Table 11: Forced Degradation Study Of Ibrutinib

Oxidative degradation study was carried out different time interval such as 0 min, 1 h, 4 h and 8 h. At each interval, stressed sample was filtered through 0.22 μm filter before analysis. Five major DP’s (Rt 5.5, 5.7, 6.5, 8.0 and 10.4 min) of 17.00 % were formed during oxidative degradation. The results are shown in Table 11 and fig. S22. Ibrutinib drug substance was found to stable when exposed to photo stability chamber (1.2 million lux h) and UV light. There was no signification degradation observed. The results are given in Table 11 and fig. S23-24. Thermal degradation study was carried out by keeping 100 mg sample in duplicate in Petri dish and sealed. One petridish exposed to dry oven at a temperature of 105° for 24 h and other kept as control. After desired time period (24 h), stressed sample and control sample was diluted with diluent to produce a concentration of 100 μg ml-1 and filtered with filter paper before injection. Ibrutinib was found to be stable under thermal (105° for 24 h) stress conditions. The results are given in Table 11 and fig. S25.

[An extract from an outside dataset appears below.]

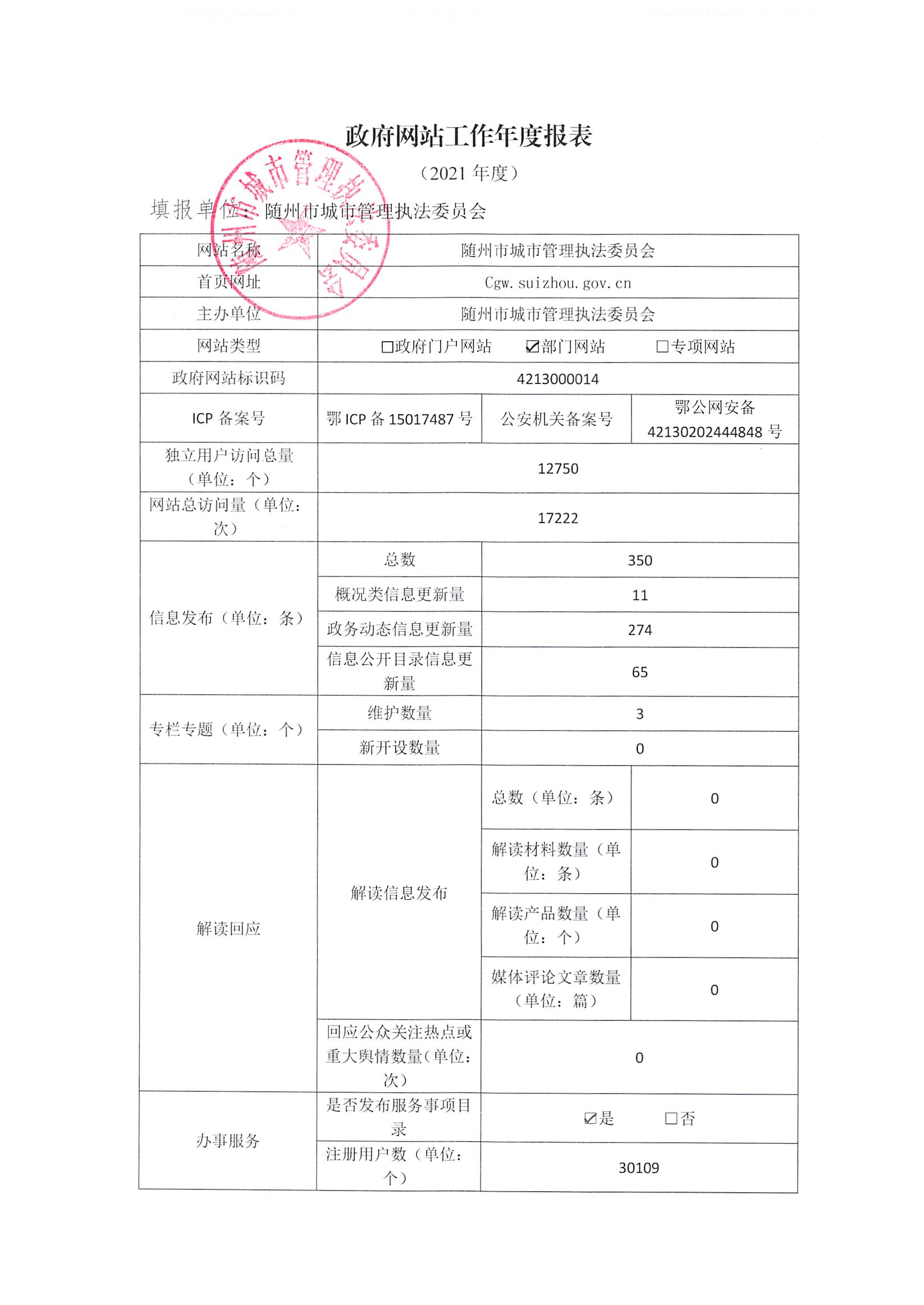 隨州市城市管理執法委員會政府網站工作年度報表(2021年度)

A novel, linear, accurate, specific, reliable and specific stability-indicating UPLC method was developed and fully validated for the determination of ibrutinib in the presence of its DPs. It is first reported highly sensitive UPLC method capable of separating ibrutinib and its ten DPs up to nano gram level. The drug under investigation was found to be more sensitive to acidic, basic and peroxide degradation conditions as it degraded by 18.0 28.10 % and 17.0 % respectively. Ibrutinib is found to be stable when exposed to neutral hydrolysis, photolytic and thermal degradation conditions. Validation of the RP-UPLC method as per the ICH guidelines demonstrates that the method is highly sensitive, linear, rapid, robust and stability-indicating. Therefore, work may be useful for estimation of ibrutinib in bulk and pharmaceutical dosage form and also very useful in further identification and characterization of different DPs when exposed to stress condition.

Conflict Of Insterest

The authors declare that there are no conflicts of interest.


I wish to thanks to department of pharmaceutical science, Amity University, Noida for encouragement and providing all the necessary research facilities to carry out RP-UPLC related work. I am also very much thankful to the MSN laboratory, Hyderabad for providing pure ibrutinib drug as gift sample.